» **WHAT IS REQUIRED**: Transcribe the listing in full, excluding any pictures.

Top of INFORMATION SUPPLIED

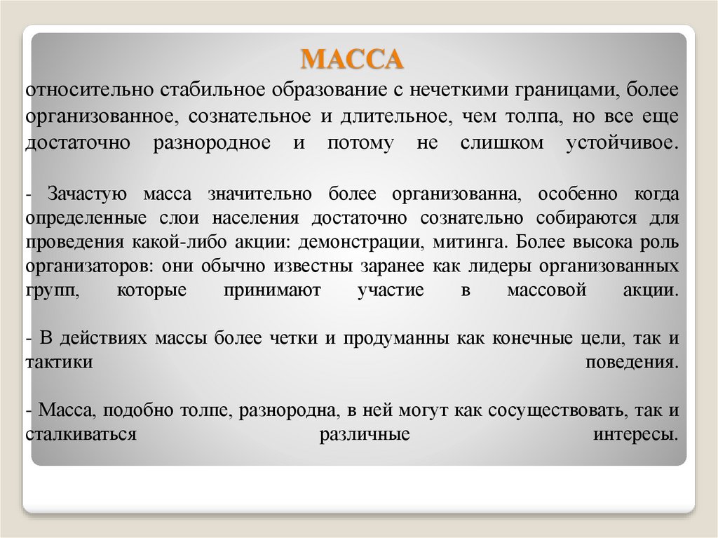 - Масса, подобно толпе, разнородна, в ней могут как сосуществовать, так и
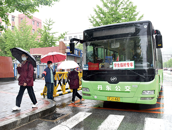 5월 18일, 단동시공공교통총공사에서는 학생들의 등교와 방과 시간대에 맞춰 8개의 림시대중교통선선을 개통하고 33대의 학생전용뻐스를 투입했다. 뻐스에는 관리원 한명만 배치했는데 학생들과 학부모들은 정상 뻐스표값에 따라 돈을 내면 된다. 기자 오경 찍음
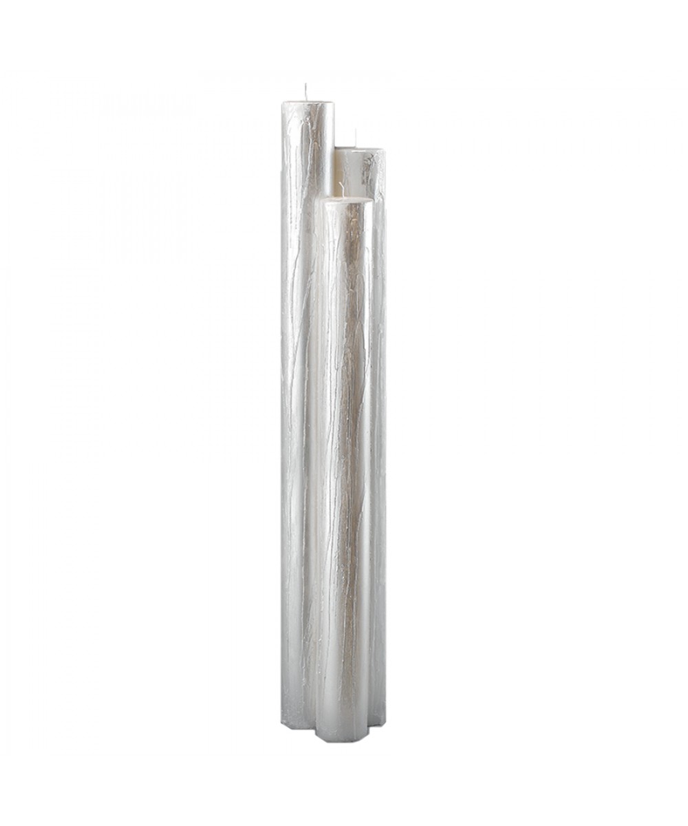 Λαμπάδες γάμου, σετ 3τμχ από ασύμμετρα κεριά με διάμετρο 10εκ. το κάθε ένα, σε ασημί χρώμα.

Bottom of INFORMATION SUPPLIED

» **WRITTEN RESPONSE**:
 - Масса, подобно толпе, разнородна, в ней могут как сосуществовать, так и
 5월 18일, 단동시공공교통총공사에서는 학생들의 등교와 방과 시간대에 맞춰 8개의 림시대중교통선선을 개통하고 33대의 학생전용뻐스를 투입했다. 뻐스에는 관리원 한명만 배치했는데 학생들과 학부모들은 정상 뻐스표값에 따라 돈을 내면 된다. 기자 오경 찍음
 Λαμπάδες γάμου, σετ 3τμχ από ασύμμετρα κεριά με διάμετρο 10εκ. το κάθε ένα, σε ασημί χρώμα.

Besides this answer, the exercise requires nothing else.